Word for word, return the lines below from the first through the line that has "1、阶梯式晋升体系:根据个人", dropping the pictures.

[Records from a data collection]
○ ○ ○

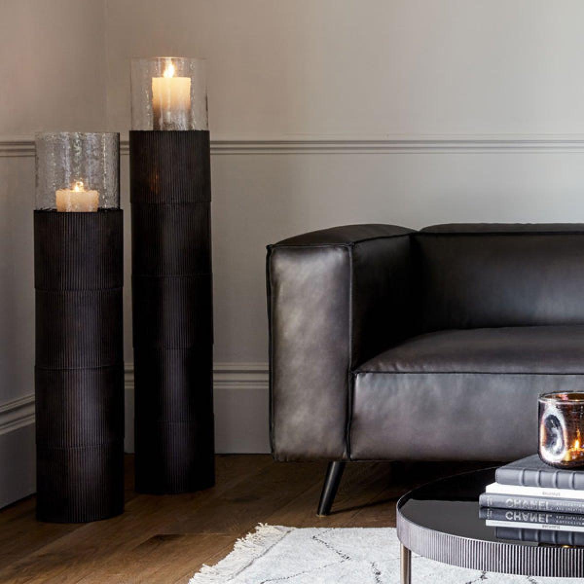 The Libra Braithwaite Floor Lamp Hurricane is a striking and unusual design, made from a combination of glass and oak. It stands 122cm tall with a diameter of 21.2cm, with the base of the lamp covered in a sleeve of textured wood pieces that evoke a tree trunk. The top portion of the lamp is a glass cylinder to help reflect and project light from within. This lamp has a rustic feel with a high-end style, combining natural influences with artistic sensibility to create a lamp that has impact. Whether you place it alone or pair it with others, you create a focal point. Dimensions: H: 101.5 x W: 21.2 x D: 21.2 cm. H: 122 x W: 21.2 x D: 21.2 cm
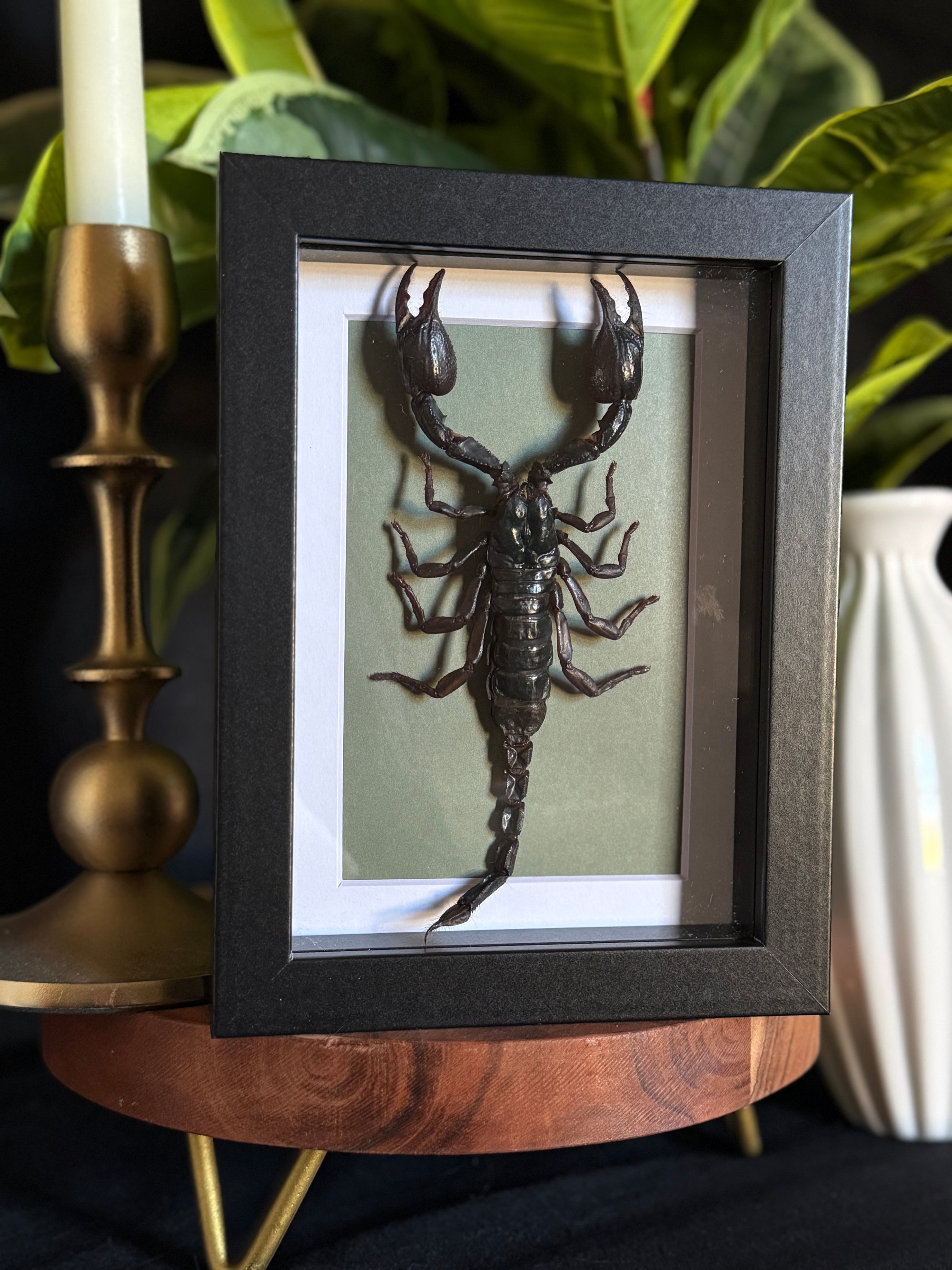 5X7 black frame featuring a giant forest scorpion
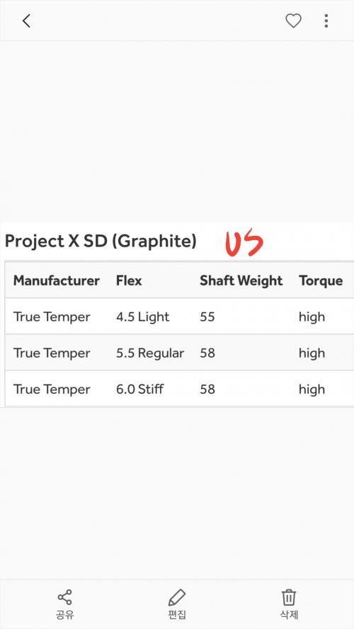 사진은 xr유틸 스탁샤프트 제원인데 플렉스별 무게를 보시면 됩니다.
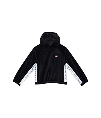 Tommy Hilfiger Girls' Logo Sweatshirt, Pullover Fleece Hoodie, Soft & Relaxed Style, Black Velour, 8-10
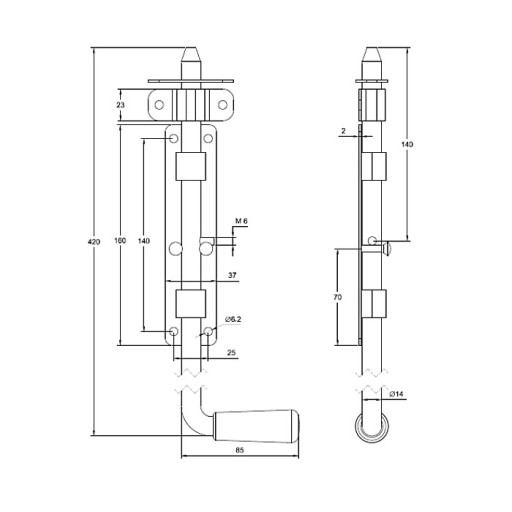RYGIEL ZAMKNIĘCIE ZASUWA DRZWI BRAMY 420 WĄSKA OC
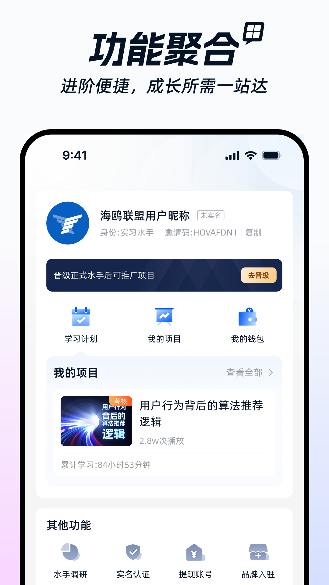 1、阶梯式晋升体系:根据个人成长和贡献,提供从“实习海鸥”到“船长”的晋升路径,提供资源与收益分成支持。
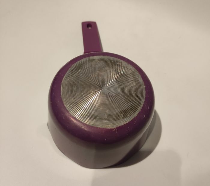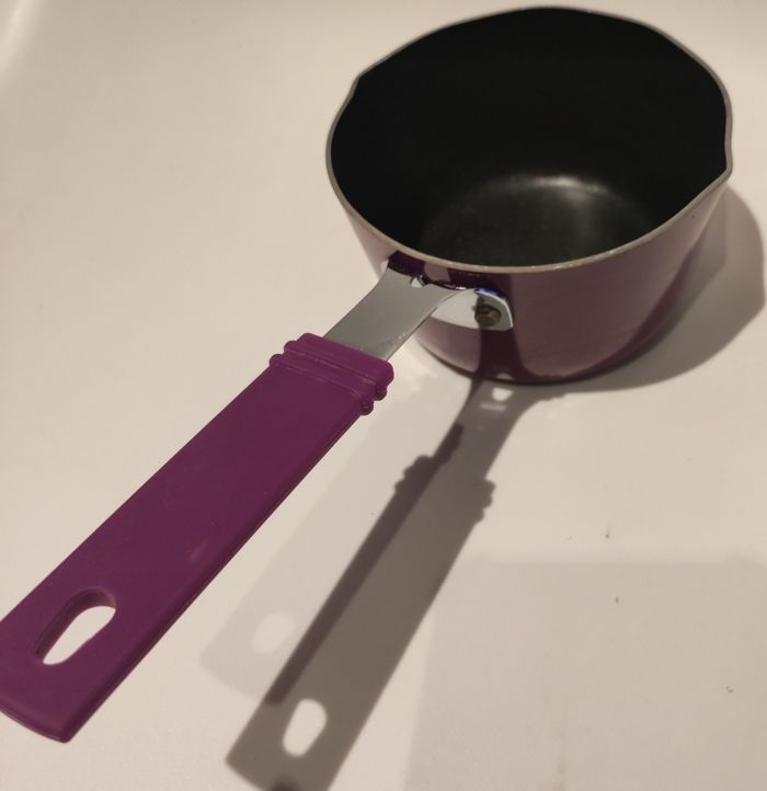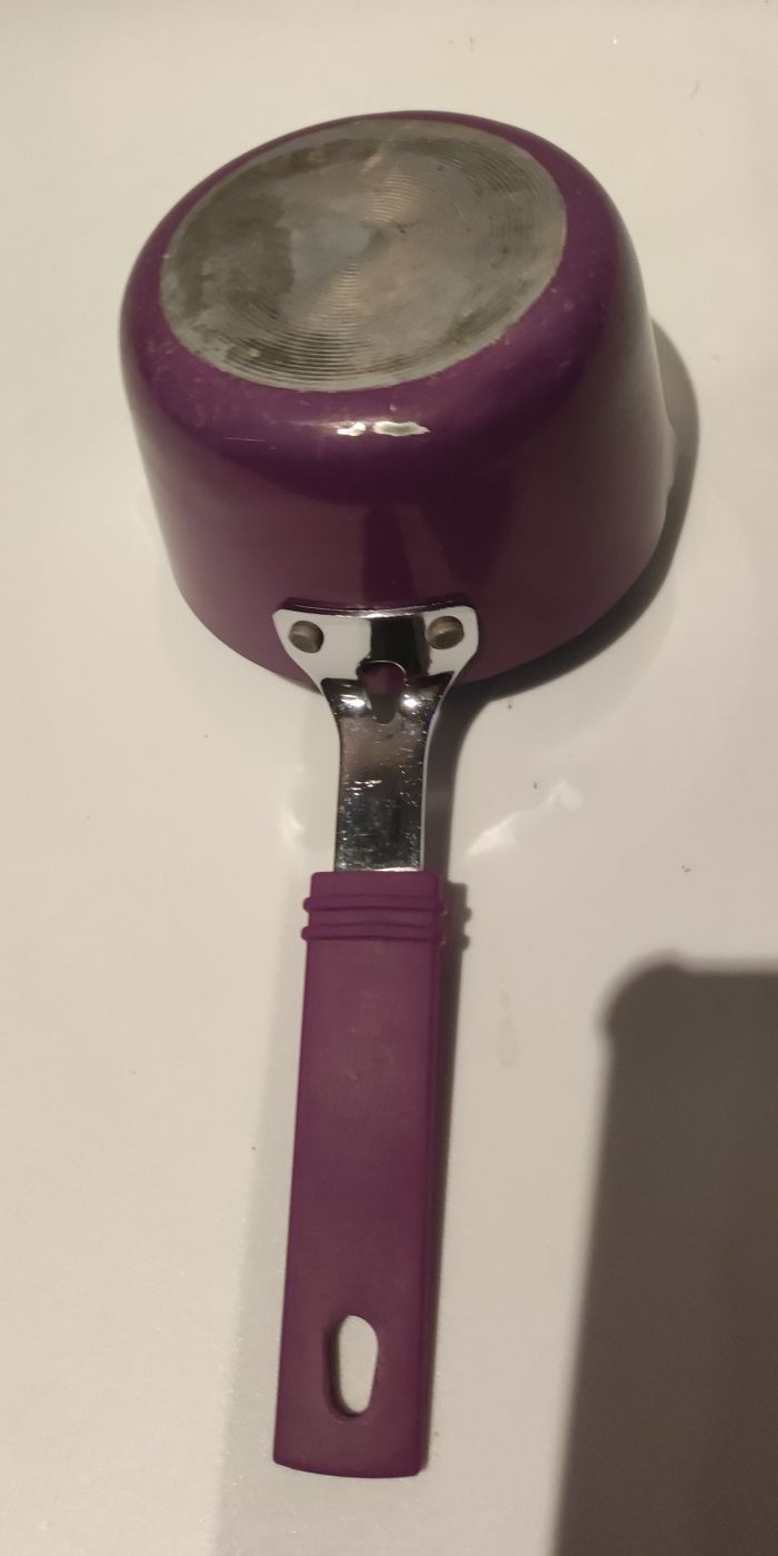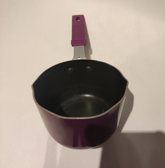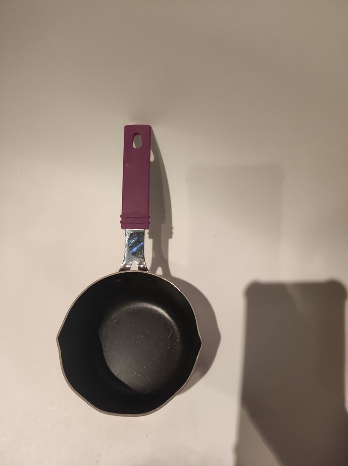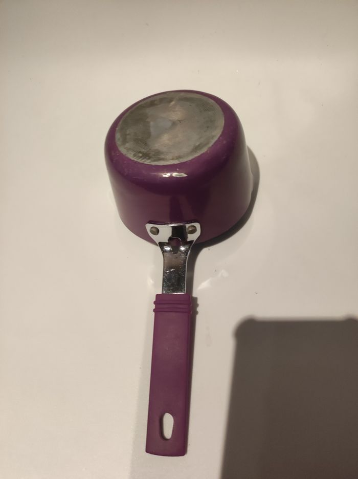 Petite Casserole pour cuire les sauces (tomate, béchamel...) Ou le lait. Elle mesure 26 cm de long (avec encoche pour la suspendre) et 10,5 cm de diamètre. Elle est en fonte dalu a l intérieur métal a l'extérieur avec manche recouvert de plastique. Couleurs violettes. Juste une marque sur le dessous sinon parfait état.
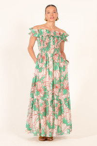 Long dress in cotton mousseline Off-the-shoulder design Fully smocked top Wide two-layer ruffled shoulder Lined with viscose Side pockets Each piece is crafted from an exclusive print, hand-applied using traditional, time-honored techniques. This rare artisanal expertise results in slight color variations, a hallmark of the unique character of every creation. Aurelie wears a size S (US 4 / EU 36 / UK 8) and is 5'9" (175 cm) tall.
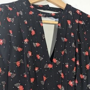 Free People Tegan Mini Dress Black Poppy Floral Keyhole Choker Bell Long Sleeve
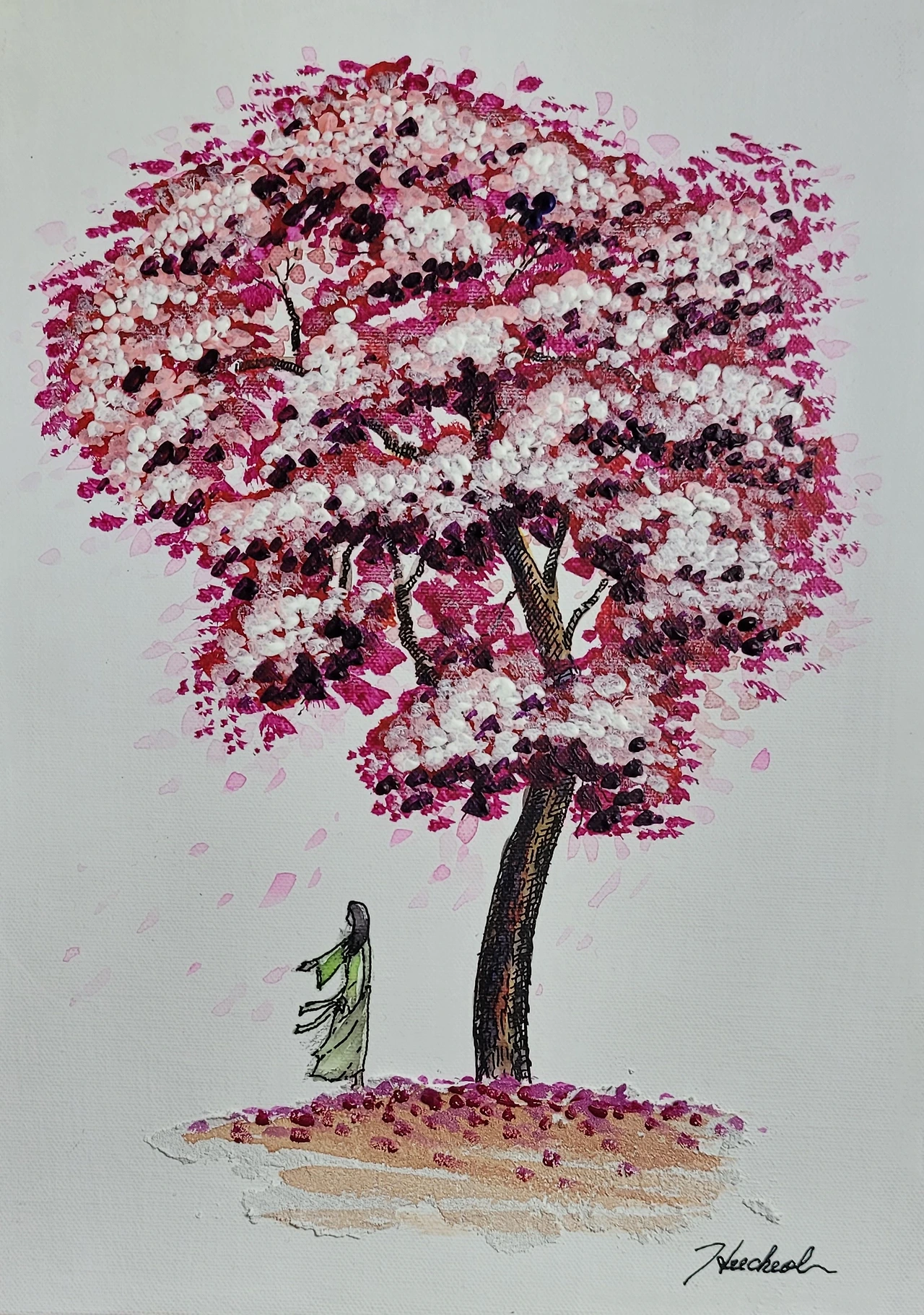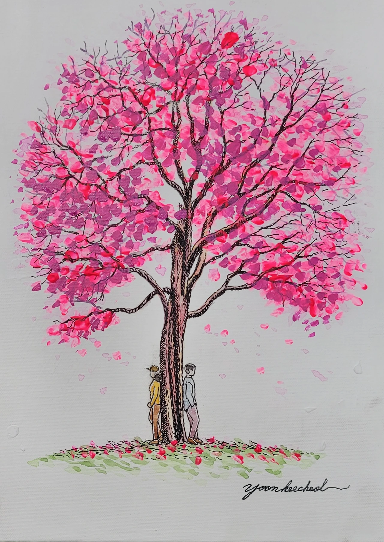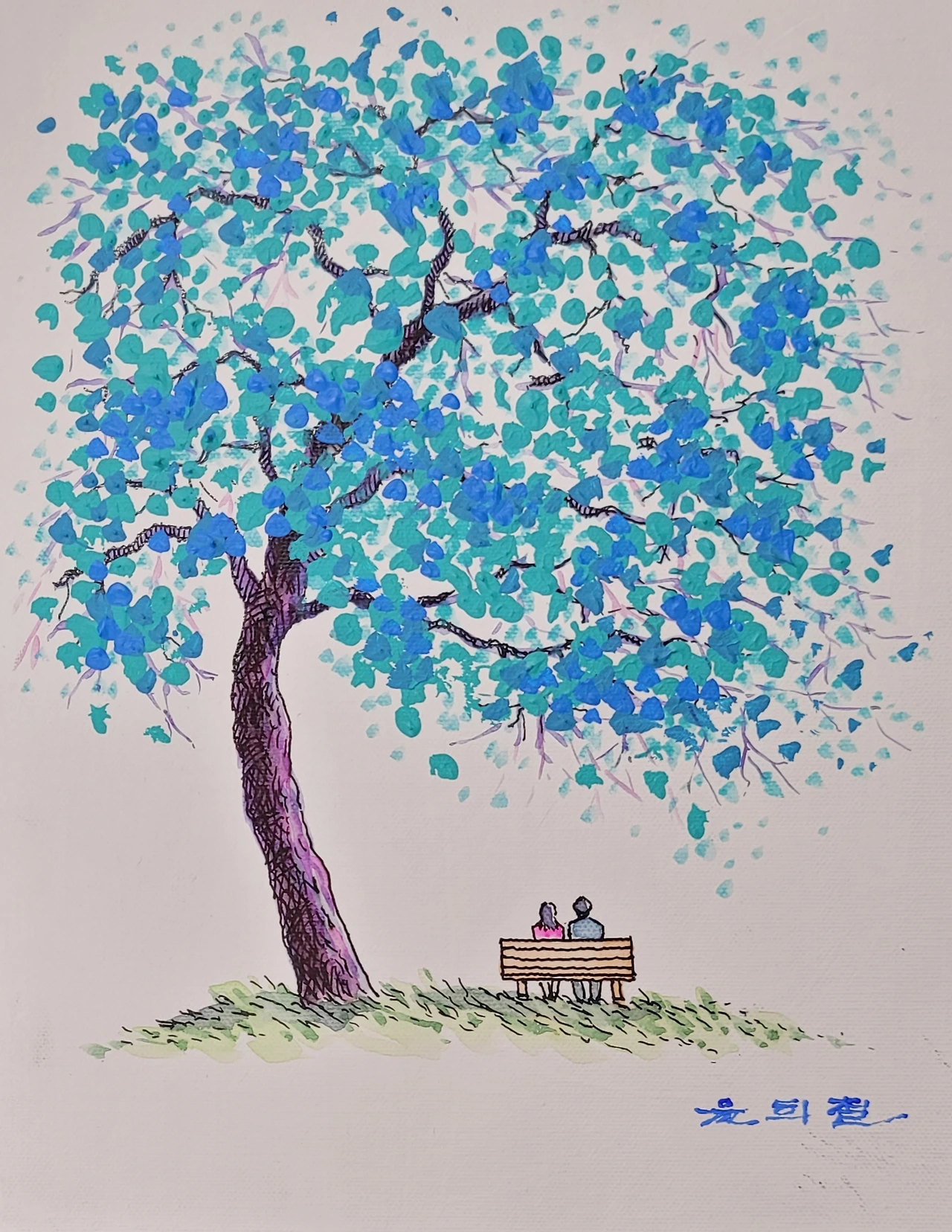 간단히 그리는 나무 시리즈 입니다. 4호의 캔버스에 펜으로 간단히 그리고 수채와 아크릴을 같이 사용하였습니다.
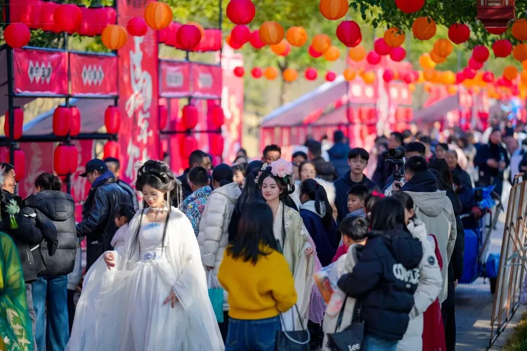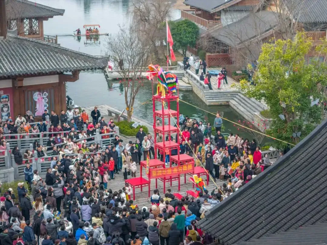荆门明显陵文化旅游景区.莫愁村洋溢着浓厚的节日氛围,非遗民俗表演吸引众多游客围观。
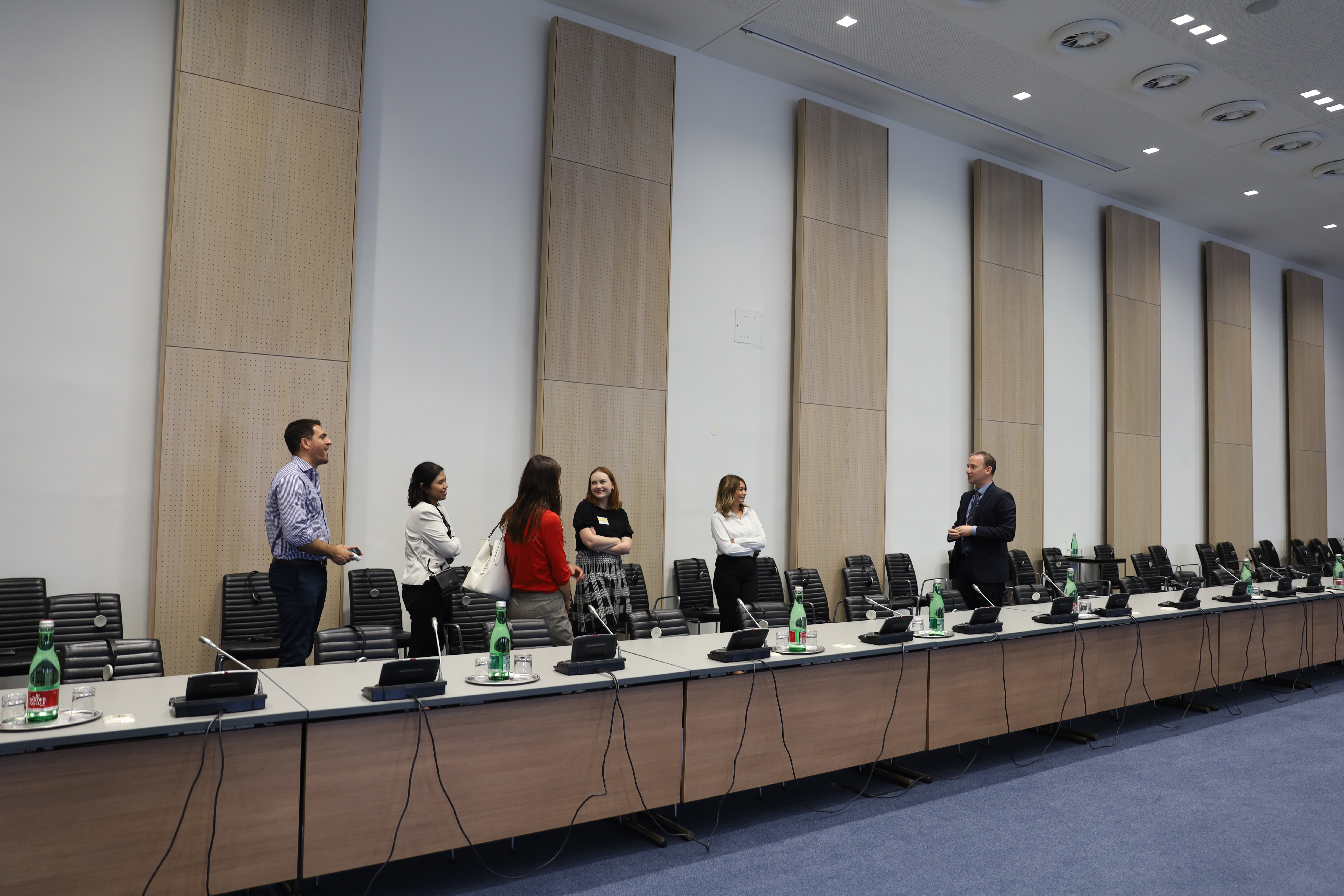 Patrick O'Reilly, Head of OSCE Conference Services, briefs the Study Visit Programme participants on the procedural work of the OSCE, Vienna, 21 September 2022.

○ ○ ○

Solution below —
 The Libra Braithwaite Floor Lamp Hurricane is a striking and unusual design, made from a combination of glass and oak. It stands 122cm tall with a diameter of 21.2cm, with the base of the lamp covered in a sleeve of textured wood pieces that evoke a tree trunk. The top portion of the lamp is a glass cylinder to help reflect and project light from within. This lamp has a rustic feel with a high-end style, combining natural influences with artistic sensibility to create a lamp that has impact. Whether you place it alone or pair it with others, you create a focal point. Dimensions: H: 101.5 x W: 21.2 x D: 21.2 cm. H: 122 x W: 21.2 x D: 21.2 cm
 5X7 black frame featuring a giant forest scorpion
 사진은 xr유틸 스탁샤프트 제원인데 플렉스별 무게를 보시면 됩니다.
 Tommy Hilfiger Girls' Logo Sweatshirt, Pullover Fleece Hoodie, Soft & Relaxed Style, Black Velour, 8-10
RYGIEL ZAMKNIĘCIE ZASUWA DRZWI BRAMY 420 WĄSKA OC
 1、阶梯式晋升体系:根据个人成长和贡献,提供从“实习海鸥”到“船长”的晋升路径,提供资源与收益分成支持。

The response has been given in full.